Namun, meskipun metode keteladanan sangat efektif, tantangan utama dalam penerapannya adalah konsistensi. Anak-anak, pada usia dini, memerlukan pengulangan dan keteguhan dalam pengajaran moral dan agama. Oleh karena itu, selain dari guru dan orang tua, lingkungan juga memiliki pengaruh yang sangat besar. Lingkungan yang mendukung, seperti di sekolah yang mengedepankan nilai-nilai agama dan moral dalam setiap aktivitasnya, akan membantu memperkuat pembelajaran yang diperoleh anak-anak. Ini dapat terlihat dari praktek sholat dhuha dan hafalan doa yang dilaksanakan di TK Al-Muhsin, yang menciptakan kebiasaan baik dalam kehidupan anak-anak.

Namun, meskipun pengaruh metode keteladanan sangat besar, penelitian oleh Aulia et al. (2023) menunjukkan bahwa dalam pengajaran membaca huruf hijaiyah di PAUD, meskipun anak-anak menunjukkan antusiasme yang tinggi dalam kegiatan pembelajaran, kemampuan mereka dalam membaca huruf hijaiyah masih terbilang cukup. Hal ini menunjukkan bahwa meskipun kegiatan keteladanan sudah diterapkan dengan baik, ada faktor lain yang mempengaruhi proses belajar anak-anak, seperti kesiapan anak dalam menerima pembelajaran atau adanya kebutuhan metode lain yang lebih spesifik dalam memperkuat kemampuan mereka.

Meskipun demikian, metode keteladanan tetap menjadi fondasi utama dalam pendidikan agama anak usia dini. Pengajaran yang berbasis pada keteladanan memberi kesempatan kepada anak untuk belajar secara langsung melalui contoh nyata. Ketika anak-anak melihat guru mereka melakukan suatu tindakan yang baik, mereka akan merasa terdorong untuk menirunya. Hal ini tidak hanya berlaku dalam hal beribadah, tetapi juga dalam hal berbagi, menghormati, dan menjaga hubungan baik dengan orang lain.

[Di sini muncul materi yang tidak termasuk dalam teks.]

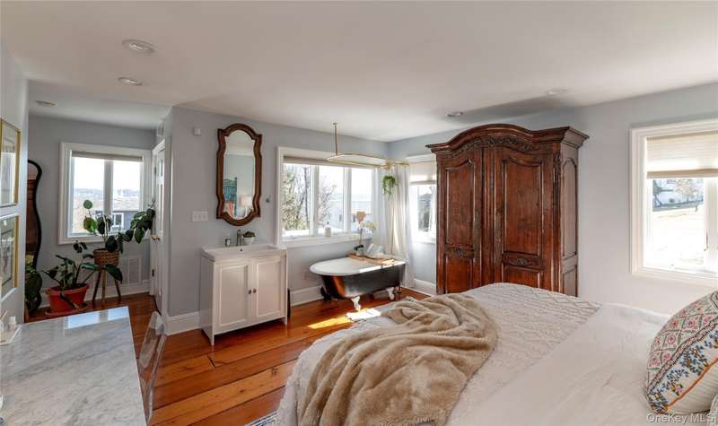 We proudly present this Hudson River mini-estate, where modern living meets historic soul and exceptional value come together in a way rarely found. Set on 1.37 acres, the five-bedroom main house combines reclaimed wood floors, high ceilings, and historic fireplaces with an open layout offering abundant space for entertaining. A sleek chef’s kitchen and dining areas flow easily for gatherings, while the luxe first-floor primary suite features its own fireplace and a bedroom-sized dressing room—an indulgent retreat that elevates daily living. The detached writer’s cottage with its wood-burning stove creates the perfect remote-work escape, while a separate guest suite with private deck and spa bath provides hotel-style hospitality. Modern upgrades including a new slate roof, copper flashing, and four Tesla Powerwalls ensure energy efficiency and whole-home backup power. Beyond the gates, the location brings outdoor adventure and culture to your doorstep—bike the Hudson River trails with direct NYC connections, hike nearby preserves, dock your boat at a local marina, or stroll into Nyack and Piermont for waterfront dining, boutique shopping, and live music. End the day with a cocktail on your deck, taking in the lights of the Tappan Zee Bridge. Rarely does a home offer this mix of riverfront living, privacy, and convenience—just 15 minutes to Metro-North and 25 to the GW Bridge. With approximately 4,150 sq ft across three structures, this estate represents an extraordinary opportunity to secure a truly special Hudson River property at an excellent value. Schedule your private showing today and experience it for yourself. Total taxes = $35,033.07 (2025 School taxes = $27,753.66; 2025 T & C taxes =$7,279.41) Does not include basic STAR rebate

Secara keseluruhan, implementasi metode keteladanan dalam pendidikan agama pada anak usia dini memiliki dampak yang sangat positif dalam pembentukan karakter dan moral anak. Melalui contoh yang diberikan oleh guru dan orang tua, anak-anak tidak hanya mempelajari ajaran agama, tetapi juga bagaimana menghidupkan nilai-nilai tersebut dalam kehidupan sehari-hari. Oleh karena itu, penting bagi lembaga pendidikan, khususnya PAUD, untuk terus mengembangkan dan menerapkan metode keteladanan ini, agar anak-anak dapat tumbuh menjadi generasi yang berakhlak mulia dan siap menghadapi tantangan kehidupan dengan landasan moral dan agama yang kuat.